» **THE PROBLEM**: Nothing but the lines below from the one that contains "عباية حرير إماراتي" through the one that contains "В поисках красивых" should be retyped, exactly and including both ends. Do not include pictures.

» **TASK MATERIAL**:
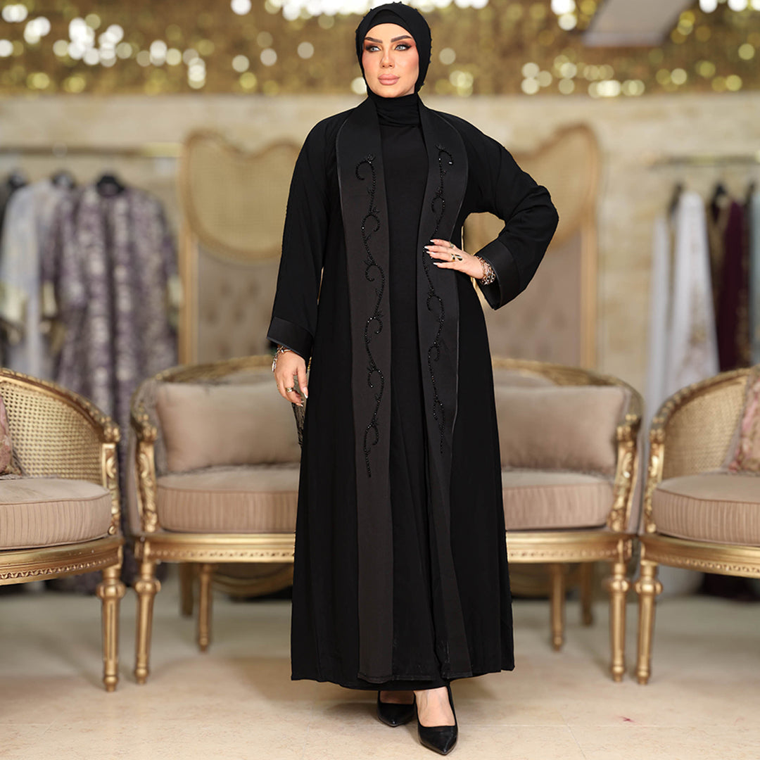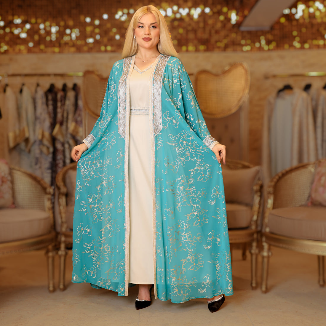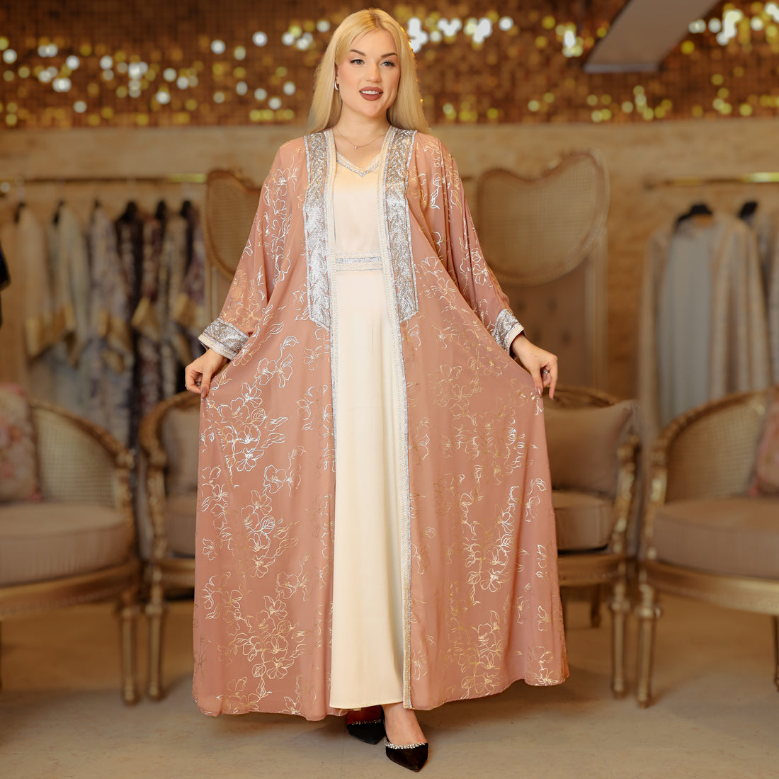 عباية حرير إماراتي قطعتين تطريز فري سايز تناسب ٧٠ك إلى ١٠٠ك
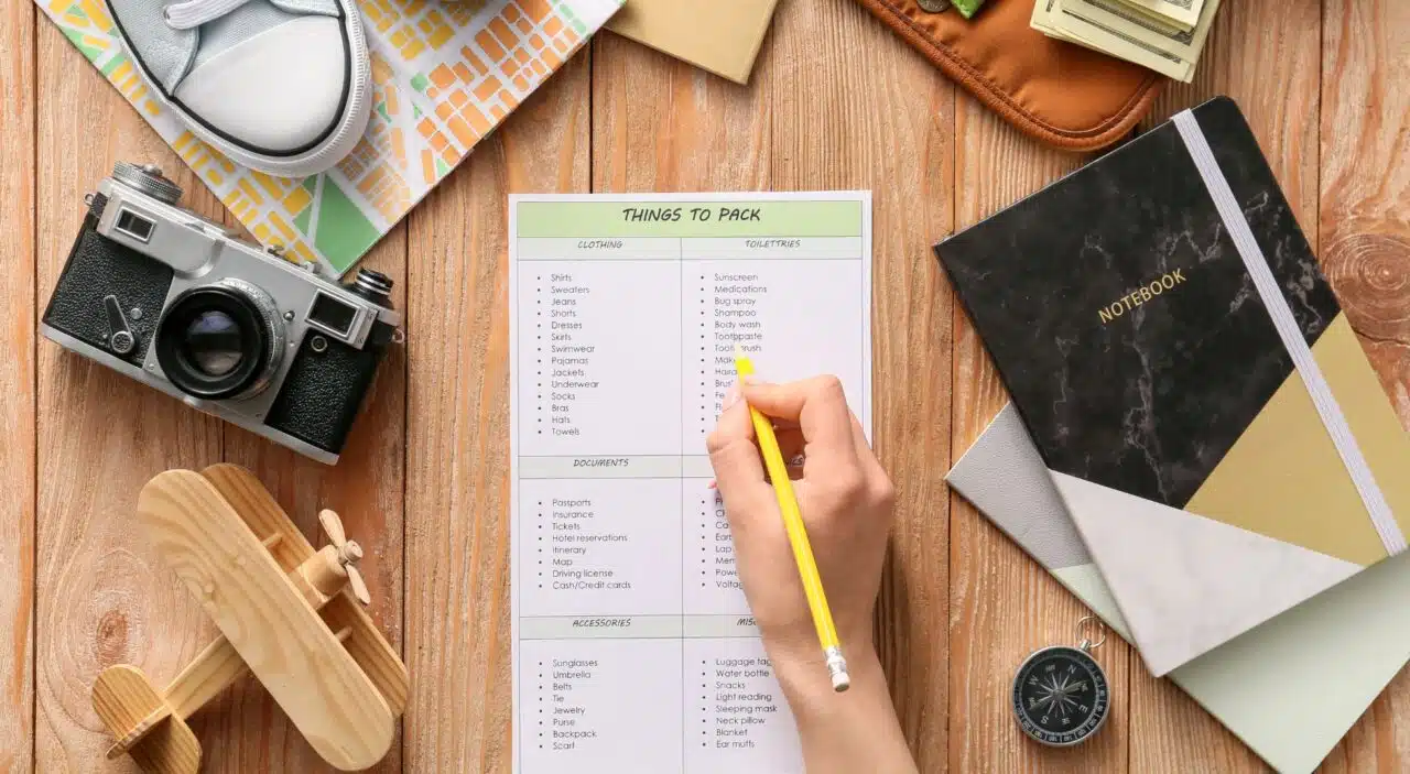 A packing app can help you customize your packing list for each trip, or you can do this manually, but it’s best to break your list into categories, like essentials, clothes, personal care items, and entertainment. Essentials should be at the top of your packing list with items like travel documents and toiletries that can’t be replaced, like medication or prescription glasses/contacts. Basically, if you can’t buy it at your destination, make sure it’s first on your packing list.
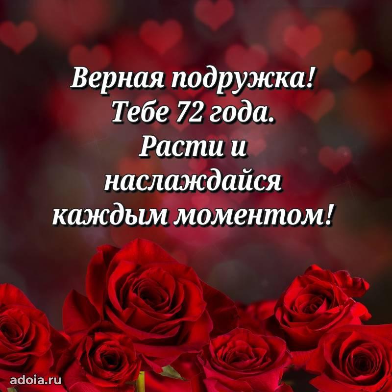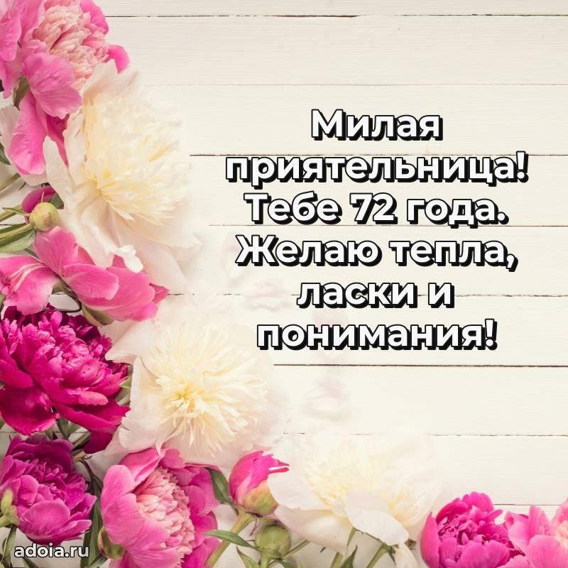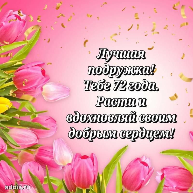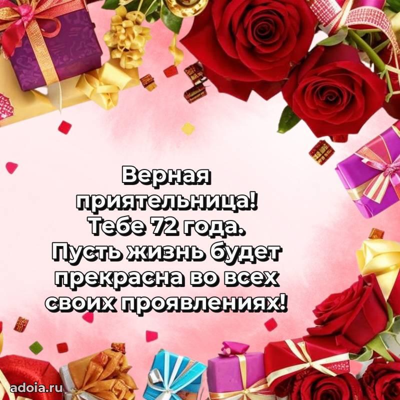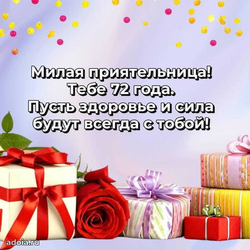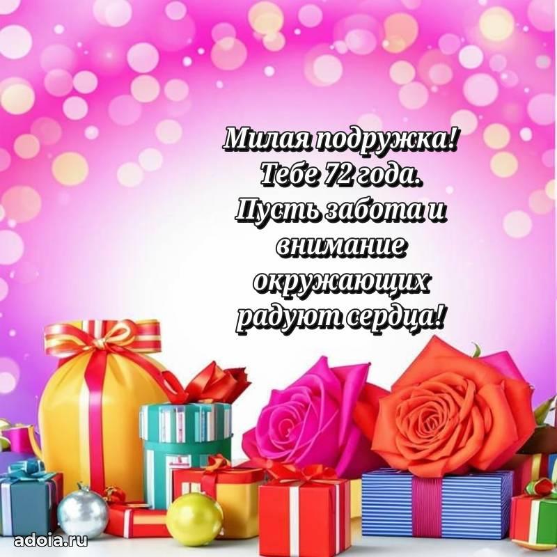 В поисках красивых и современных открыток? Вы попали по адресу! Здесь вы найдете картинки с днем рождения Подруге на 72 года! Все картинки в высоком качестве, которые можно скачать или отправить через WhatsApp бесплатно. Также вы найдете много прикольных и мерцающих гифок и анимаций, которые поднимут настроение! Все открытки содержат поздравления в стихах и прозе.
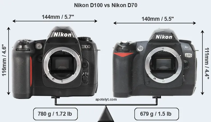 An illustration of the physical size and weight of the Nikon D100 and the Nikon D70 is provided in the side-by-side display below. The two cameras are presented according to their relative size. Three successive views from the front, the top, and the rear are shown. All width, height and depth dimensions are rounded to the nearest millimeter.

--

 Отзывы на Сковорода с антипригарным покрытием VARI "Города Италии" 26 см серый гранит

* * *

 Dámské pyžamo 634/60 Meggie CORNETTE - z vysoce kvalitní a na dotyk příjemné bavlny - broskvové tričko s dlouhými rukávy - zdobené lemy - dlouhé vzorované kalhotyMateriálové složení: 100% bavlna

» **ANSWER TO THIS EXERCISE**:
 عباية حرير إماراتي قطعتين تطريز فري سايز تناسب ٧٠ك إلى ١٠٠ك
 A packing app can help you customize your packing list for each trip, or you can do this manually, but it’s best to break your list into categories, like essentials, clothes, personal care items, and entertainment. Essentials should be at the top of your packing list with items like travel documents and toiletries that can’t be replaced, like medication or prescription glasses/contacts. Basically, if you can’t buy it at your destination, make sure it’s first on your packing list.
 В поисках красивых и современных открыток? Вы попали по адресу! Здесь вы найдете картинки с днем рождения Подруге на 72 года! Все картинки в высоком качестве, которые можно скачать или отправить через WhatsApp бесплатно. Также вы найдете много прикольных и мерцающих гифок и анимаций, которые поднимут настроение! Все открытки содержат поздравления в стихах и прозе.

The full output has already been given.